How Photovoltaic Systems Work
There are three basic types of solar energy systems available for residential and commercial use: (1) Grid-tie (2) Grid-tie with Backup and (3) Off-grid.
All use solar photovoltaic (PV) panels and are typically installed on the south facing roof of your structure. These panels power the system, producing DC (direct current) electricity when the sun is available. (If roof space is restricted or compromised, we can offer alternative solutions.)
Grid-tie or grid-connected systems make up most of solar energy systems in use. With Grid-tie systems, the DC electricity generated by the PV panels passes through wiring on the roof, down to an inverter mounted on the house.
The inverter converts the DC electricity to AC (alternating current) electricity that is compatible with home or office wiring and appliances. The AC power from the inverter then passes to the main electrical panel where it can supply the needs of the building.
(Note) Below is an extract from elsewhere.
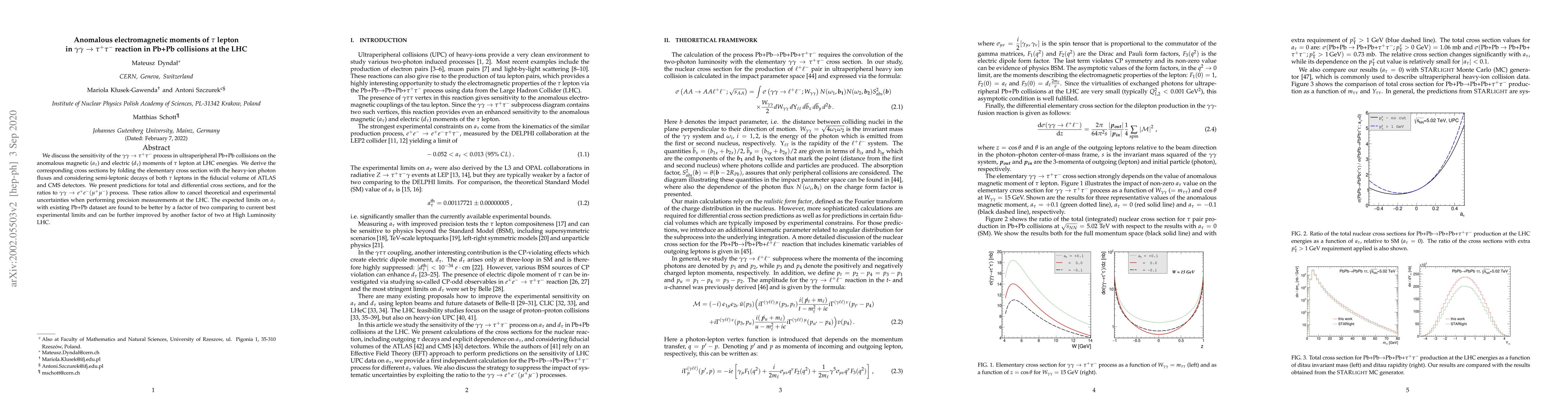 This paper explores the sensitivity of the $\gamma \gamma \to \tau^+ \tau^-$ process in ultraperipheral Pb+Pb collisions at the LHC to the anomalous magnetic and electric moments of the $\tau$ lepton. It predicts cross sections and ratios to $\gamma \gamma \to e^+ e^- (\mu^+ \mu^-)$ to improve precision measurements of $a_{\tau}$, showing potential for significant improvements in limits with existing and future LHC data.

Excess energy can generate utility credits
Typically, during sunny periods, the solar panels generate excess energy. This excess electricity passes backward through the electric meter and to your utility’s power grid.
In most cases, you will get a full or partial credit for this excess electricity applied to your electric bill. When the sun is not shining, you will use electricity from the electric utility grid as you would if you did not have a solar energy system.
A grid-tie system can be sized to meet part or all of you electricity needs. Systems that meet all of your needs will produce enough excess electricity during sunny periods to totally offset the power used when the sun is not shining.